"The Battlegrounds Late-Game Decision Checklist"
Meta note: this checklist is evergreen — it's about decision-making, not specific cards.
The late game in Battlegrounds is where good placements are won and thrown away. With only a few players left, boards are scary, combats are deadly, and there's no time to recover from a misplay. This checklist gives you a fast, repeatable way to make the right call each turn when it matters most.
Before each late-game turn, run through this
1. How much HP do I have, relative to the lobby?
- Healthy: you can greed scaling and play for first.
- Low: prioritize a survivable board and lock in placement.
- Remember late-game damage is high — the same HP is less safe than it was earlier.
2. Who's left, and who's the biggest threat?
- Scout the remaining boards.
- Identify the strongest — that's who you ultimately must beat for first. Build to beat it, not the average.
- Note who's low and about to die; sometimes you just need to survive a round to climb.
3. What threats must my board answer?
- Poison? Get Divine Shields on your carry; don't put everything on one body.
- Big single carry? Bring poison or enough width/shields to grind it down.
- Wide board? Value cleave and your own width.

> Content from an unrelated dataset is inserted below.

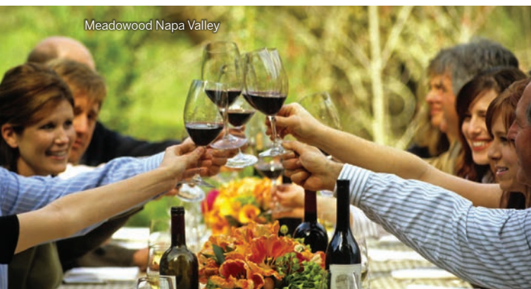
Meadowood Napa Valley

The Andrew Harper Travel Office (800) 375-4685 U.S. | +1 (630) 734-4610 Int'l Reservations@AndrewHarper.com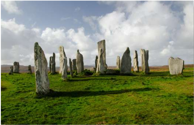
01 - Callanish stones Scotland

4. Is my positioning right for the actual opponents?
- Re-check every turn — boards change fast now.
- First attacker, carry safety, cleave spread, trigger order — all tailored to who you'll face.
5. Am I scaling enough, or coasting?
- If you're not the strongest, you need another scaling turn or a key piece. Hunt it.
- Spend everything — triples, buffs, trinket payoffs — on your strongest possible board.
6. Should I greed or lock it in?
- Winning board + healthy? Don't over-greed; position well and close it out.
- Behind? Calmly find the one spike that flips the matchup, and survive until you do.
- Decent but not dominant? Play to hold your placement rather than gamble out of the safe zone.
The two late-game mistakes to avoid
- Choking a won game by over-greeding when your board already beats the field — lock it in.
- Panicking when behind instead of hunting your one spike and surviving — stay calm and find it.
Quick-fire version
- HP vs. lobby damage — greed or lock in?
- Who's the strongest threat I must beat?
- What keywords must my board answer (poison/shields/cleave)?
- Is my positioning tailored to the actual opponents?
- Am I scaling enough?
- Greed for first, or secure placement?
Takeaway
The late game rewards calm, tailored decisions over autopilot. Each turn, check your HP against the lobby, identify the real threat, answer their keywords, fix your positioning, push your scaling, and decide honestly whether to greed or secure. Run this checklist every turn in the final few players and you'll stop throwing winnable games — and start converting them into first-place finishes.